[Start of section]

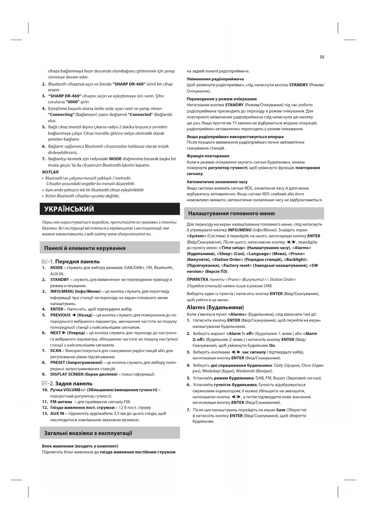насолодитися зовнішньою звуковою музикою. Загальні вказівки з експлуатації Блок живлення (входить у комплект) Підключіть блок живлення до гнізда живлення постійним струмом на задній панелі радіоприймача. Увімкнення радіоприймача Щоб увімкнути радіоприймач, слід натиснути кнопку STANDBY (Режим/ Очікування). Переведення у режим очікування Натискання кнопки STANDBY (Режим/Очікування) під час роботи радіоприймача призводить до переходу в режим очікування. Для повторного ввімкнення радіоприймача слід натиснути цю кнопку ще раз. Якщо протягом 15 хвилин не відбувається жодних операцій, радіоприймач автоматично переходить у режим очікування. Якщо радіоприймач використовується вперше Після першого ввімкнення радіоприймач почне автоматичне сканування станцій. Функція повторення Коли в режимі очікування звучить сигнал будильника, можна повернути регулятор гучності, щоб увімкнути функцію повторення
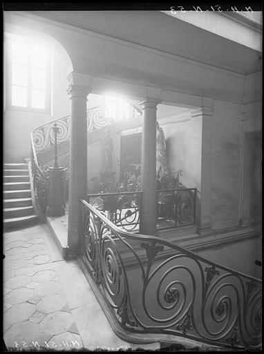 Escalier avec sa rampe en fer forgé et sa cage : inscription par arrêté du 4 octobre 1962
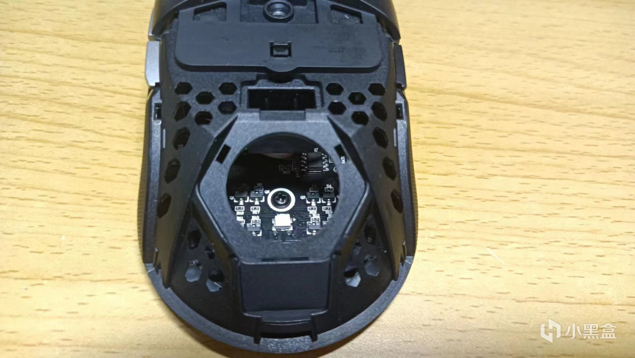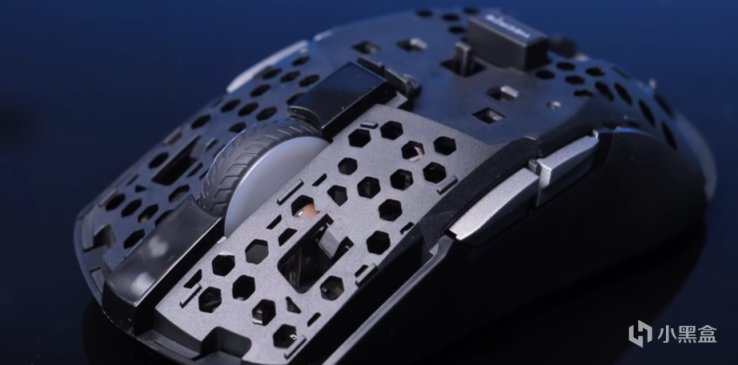 鼠標重量是80g,並不算很輕,打開面板會發現裏面其實是鏤空的設計,有效減輕重量。面板這次不是磁吸,不過打開非常簡單,配置器也藏在中間的位置。但是還是建議不要在rgb下打開面板,裏面燈光直射非常刺眼。
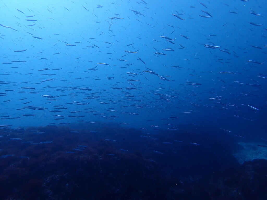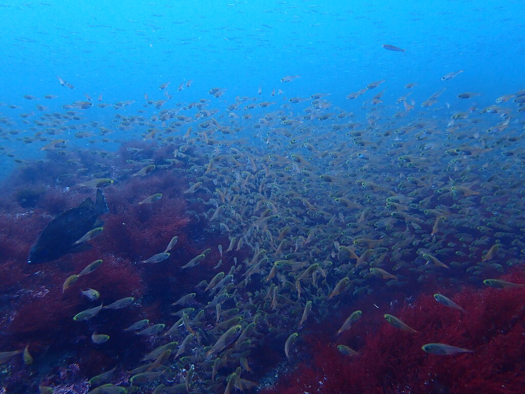 キンメモドキやキビナゴの群れで漁礁エリアは溢れかえっています。
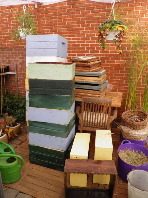 Het winterwerk aan de kasten is gebeurd. De lege broed- en honingkamers zijn langs binnen uitgebrand en de buitenkanten zijn terug voorzien van een laagje verf.
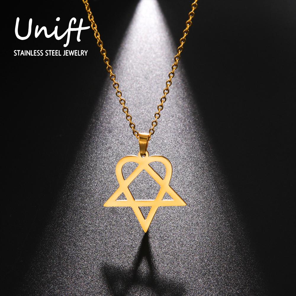 Unift Heartagram Pentacle Pentagram Necklaces for Women Stainless Steel Jewelry Fashion Geometric Pendant Neck Chain Accessories
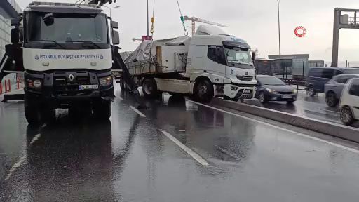 Esenyurt’ta E-5 karayolu Edirne istikameti yan yol üzerinde seyreden tıra arkadan araç çarptı. Tır çarpmanın etkisiyle refüje çıkarken, kaza nedeniyle bölgede yoğun trafik meydana geldi.
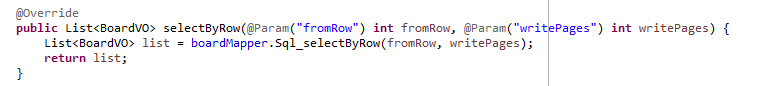 ์ด๋ ํ๋ผ๋ฏธํฐ๋ก ๋์ด์จ BoardVO ๊ฐ์ด ๋์ด ์๋๊ณ , ํฌ๊ธฐ๊ฐ 0 ์ด์์ด๋ผ๋ฉด status๋ ok, count์๋ ๋ฆฌ์คํธ์ ํฌ๊ธฐ๋ฅผ ์ ์ฅํด์ฃผ๋ฉฐ, list์ selectByRow ์ํ ๊ฒฐ๊ณผ๋ฅผ ๋ด์์ค๋ค.
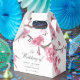 A unique cherry blossom-themed set of white gift favor boxes tailored specifically to your future wedding on the beautiful coast, island, or even a summertime event. Your wedding details are on the front, and your unique thank-you message to your wedding guests is on the reverse side.
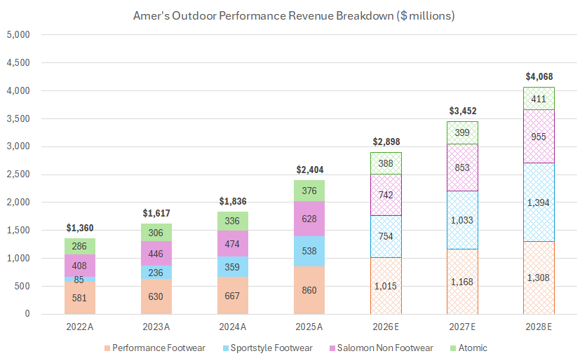 Looking at the entire Amer business from a valuation perspective, it’s clear that the asset is valued at a premium. What you need to believe is that both Arc’teryx and Salomon are still early on their execution path, and with Salomon, you need to believe in more open-ended growth for the Footwear business and particularly on the Sportstyle side. The checks and analysis provided in this and the prior post suggest that the two businesses are capturing share against legacy competitors as well as taking share in new adjacencies.

[End of section]

__Work instructions__.
Copy out exactly the material that runs from the line with "selectByRow ์ํ ๊ฒฐ๊ณผ๋ฅผ ๋ด์์ค๋ค." to the line with "A unique cherry", ends included, and leave the pictures behind.

__Response to the task__.
 ์ด๋ ํ๋ผ๋ฏธํฐ๋ก ๋์ด์จ BoardVO ๊ฐ์ด ๋์ด ์๋๊ณ , ํฌ๊ธฐ๊ฐ 0 ์ด์์ด๋ผ๋ฉด status๋ ok, count์๋ ๋ฆฌ์คํธ์ ํฌ๊ธฐ๋ฅผ ์ ์ฅํด์ฃผ๋ฉฐ, list์ selectByRow ์ํ ๊ฒฐ๊ณผ๋ฅผ ๋ด์์ค๋ค.
 A unique cherry blossom-themed set of white gift favor boxes tailored specifically to your future wedding on the beautiful coast, island, or even a summertime event. Your wedding details are on the front, and your unique thank-you message to your wedding guests is on the reverse side.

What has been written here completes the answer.